Arrests in Nijjar Case Come as Ottawa Probes Interference by India, China

Three Indian nationals appeared in a B.C. court on Tuesday on first-degree murder charges linked to the death of Hardeep Singh Nijjar, who was shot in Surrey, B.C., last June. Police arrested the suspects last week in Edmonton.

In September 2023, Canadian Prime Minister Justin Trudeau alleged the Indian government may be linked to Nijjar’s murder, rocking diplomatic relations. The RCMP confirmed that it is investigating these supposed links.

India has handled the Nijjar case differently than a foiled murder-for-hire plot on U.S. soil.

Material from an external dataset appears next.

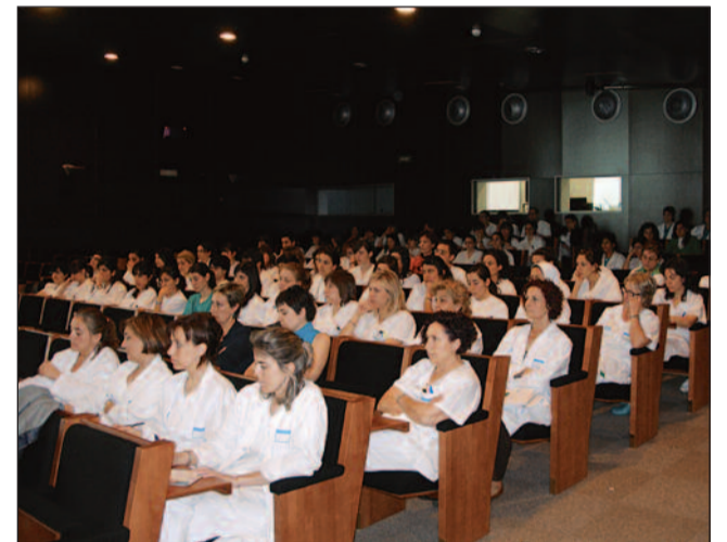
SATSE ha hecho de la investigación su gran apuesta de futuro

Cursos que han dado sus frutos en aquellas Comunidades donde antes se aplicó ya que, además de formar numerosos equipos de investigación, premiados muchos ellos en sus Comunidades de origen, se generó la necesidad de dotarse de una estructura estable: los De-
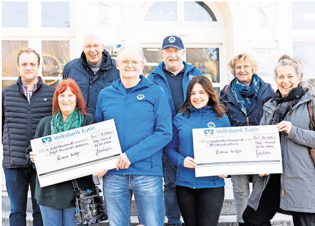
Zusammen für den guten Zweck: Spender und Empfänger präsentieren die Erlöse der Adventskalender-Aktion des Lions Clubs Lübecker Bucht.

Auch die Tafel Neustadt/Timmendorfer Strand ist auf Unterstützung angewiesen: Monatlich versorgt sie rund 5500 Menschen mit Lebensmitteln. Die ehrenamtlichen Helferinnen

New Delhi pledged to co-operate with the U.S. and even launched an investigation, which ultimately blamed the plot on “rogue operatives.” The RCMP, meanwhile, has characterized collaboration with Indian law enforcement as “difficult.”

Following the arrests in Edmonton, India’s external affairs minister insisted that India’s “biggest problem right now,” referencing Sikh separatism, “is in Canada,” rather than in the U.K. or the U.S., which also have large Sikh diaspora communities.

On Tuesday, India’s high commissioner to Canada said that Ottawa lacks an understanding of India’s concerns, but he emphasized that, considering the overall relationship, the positives outweigh the negatives.
 

Foreign interference occurred, but electoral system is ‘sound’: Hogue

On Friday, Canada’s Foreign Interference Commission released its interim report, concluding that foreign interference occurred in the 2019 and 2021 federal elections, but that it didn’t have “any impact” on which party formed government.

Commissioner Marie-Josée Hogue stated in the report that China is the main perpetrator of foreign interference in Canada, and that CSIS views China as the biggest threat to Canadian elections by a wide margin.

Hogue, a Quebec justice, concluded that New Delhi also conducts foreign interference in Canada and that it views “anyone aligned with Khalistani separatism as a seditious threat to India.”

The commission will now examine how information about foreign interference should be communicated to the government and the public, the challenges of responding to misinformation and disinformation during elections, and the rules governing political parties’ nomination contests, which are "particularly vulnerable to foreign interference.”